El primer impulso instintivo es la
venganza, devolver mal por mal, desencadenando una espiral de odio y
agresividad que embrutece a la sociedad. O interrumpir toda relación, guardar
rencor y ojeriza, en una actitud que amarga la vida y envenena las relaciones.
La Palabra de Dios irrumpe con fuerza en
las más variadas situaciones de conflicto y propone sin medias tintas la
solución más difícil y valiente: perdonar.
Esta vez la invitación nos llega de un
sabio del antiguo pueblo de Israel, Ben Sira, que muestra lo absurdo que es
pedir perdón a Dios y no saber perdonar. «¿A quién perdona [Dios] los pecados?
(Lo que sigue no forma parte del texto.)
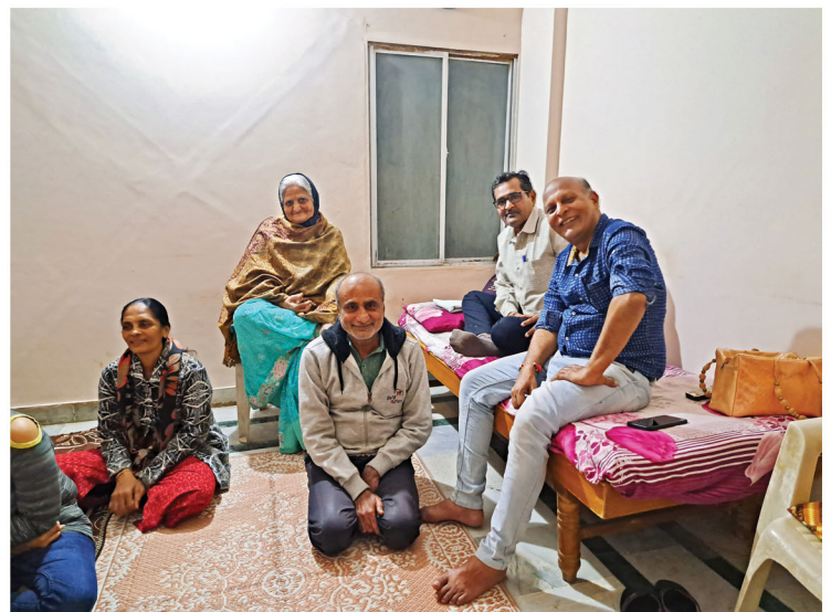
Samanji's Satsang with Family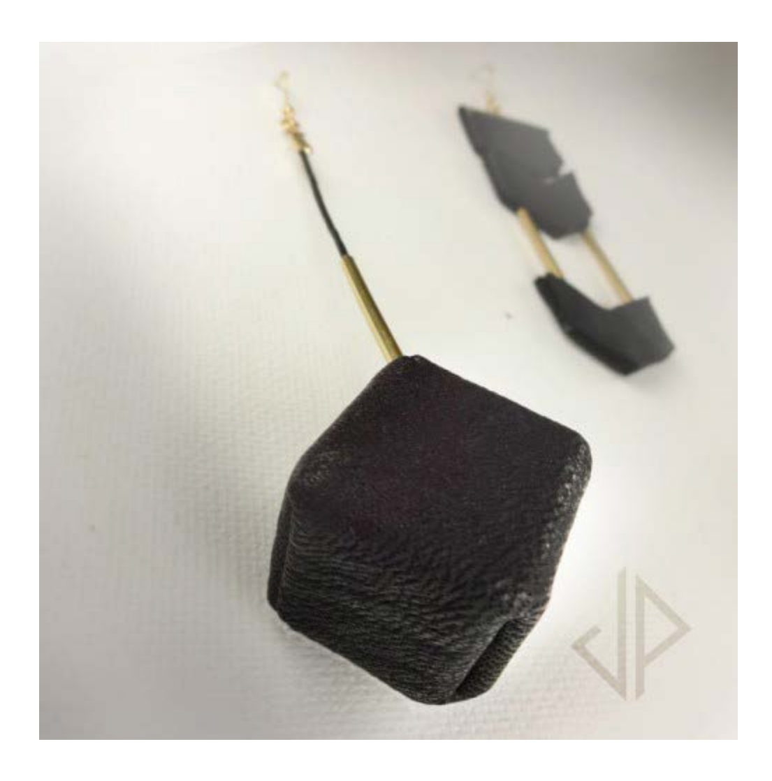
Prim. by Joi Price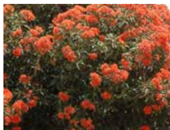
red flowering gum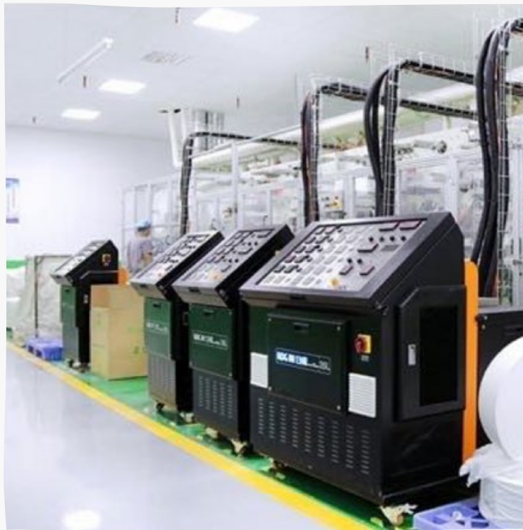
The workshop is designed as an integrated space

The factory adopts imported fully automated assembly lines, ensuring safety, efficiency, and hygiene with a sterile environment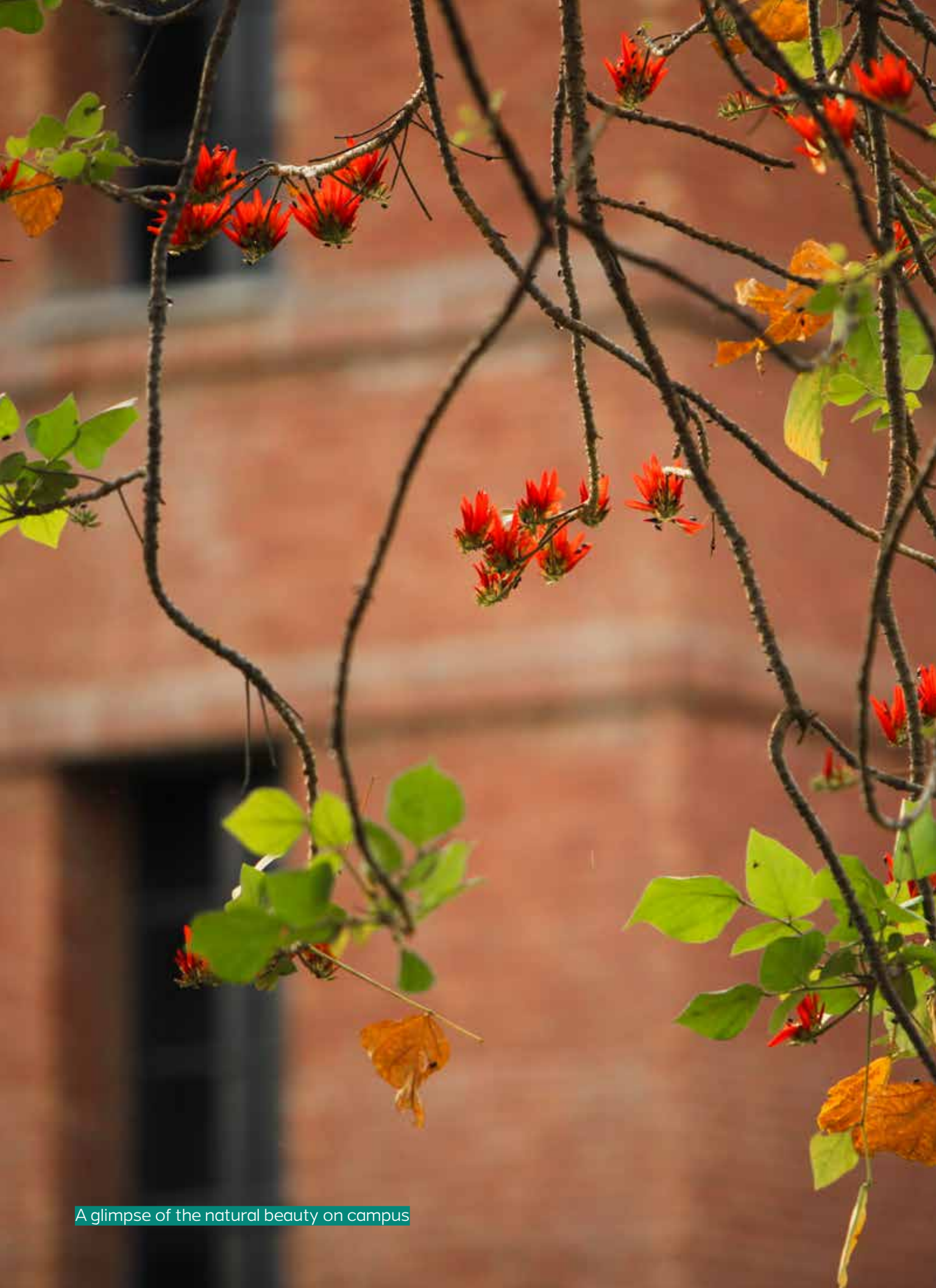
A glimpse of the natural beauty on campus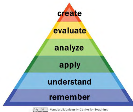
Figure 2. Cognitive process categories of Bloom's taxonomy (Vanderbilt University, 2018)

As described above, version 1.0 was mainly based on the work of Ryan (2011) and further developed, first to address some of the challenges faced when applying it, in terms of consistency and ease of use, and later to align it with Bloom's taxonomy. Bloom's taxonomy helps educators categorize learning objectives, which is important for a variety of reasons, including helping educators to see the objectives from the student's point of view, to see the relationship between knowledge and cognitive processes of the learning objectives, and to see the relationship among objectives and how they are taught and how learning is assessed (Anderson & Krathwohl, 2001). Bloom's taxonomy includes four knowledge dimensions: factual, conceptual, procedural, and metacognitive, and six categories of cognitive processes (see figure 2). The following categories of cognitive processes are listed from those that are "most commonly found in objectives" at the bottom to those that are "less frequently found in objectives" at the top (Anderson & Krathwohl, 2001, p. 30): remember, understand, apply, analyze, evaluate, and create. Anderson and Krathwohl (2001) also refer to those categories further along in the list as having a "higher level of complexity" (p. 34). Under each cognitive process category are two or more cognitive processes. For example, the category "remember" includes two processes, recognizing and recalling (see figure 2).

–leemos en un antiguo texto de la tradición hebraica–. A quien sabe perdonar a
su vez». Es lo que nos enseñó el propio Jesús en la oración que dirigimos al
Padre: «Perdona nuestras ofensas como también nosotros perdonamos a los que nos
ofenden» (cf. Mt 6, 12). También nosotros nos equivocamos, y cuando ocurre ¡nos
gustaría que nos perdonasen! Suplicamos y esperamos que se nos dé de nuevo la
posibilidad de volver a empezar, que vuelvan a confiar en nosotros. Si a
nosotros nos ocurre eso, ¿no les ocurrirá lo mismo a los demás? ¿No debemos
amar al prójimo como a nosotros mismos?
Chiara Lubich, que sigue inspirando
nuestra comprensión de la Palabra, comenta así la invitación a perdonar: «no es
olvidar, que en muchos casos significa no querer mirar de frente la realidad;
el perdón no es debilidad, es decir, no tener en cuenta un error por miedo a
quien lo ha cometido, que es más fuerte. El perdón no consiste en afirmar que
lo que es grave no tiene importancia, o que está bien lo que está mal. El
perdón no es indiferencia. El perdón es un acto de voluntad y de lucidez –por
tanto, de libertad– que consiste en acoger al hermano tal como es a pesar del
mal que nos ha hecho, como Dios nos acoge siendo pecadores a pesar de nuestros
defectos. El perdón consiste en no responder a la ofensa con la ofensa, sino en
hacer lo que dice Pablo: “No te dejes vencer por el mal; antes bien, vence al
mal con el bien” (Rm 12, 21). El perdón consiste en abrir a quien te hace daño
la posibilidad de una nueva relación contigo, es decir, la posibilidad para él
y para ti de volver a empezar la vida, de tener un futuro en que el mal no
tenga la última palabra».
La Palabra de vida nos ayudará a
resistir a la tentación de responder igual, de devolver el mal inmediatamente.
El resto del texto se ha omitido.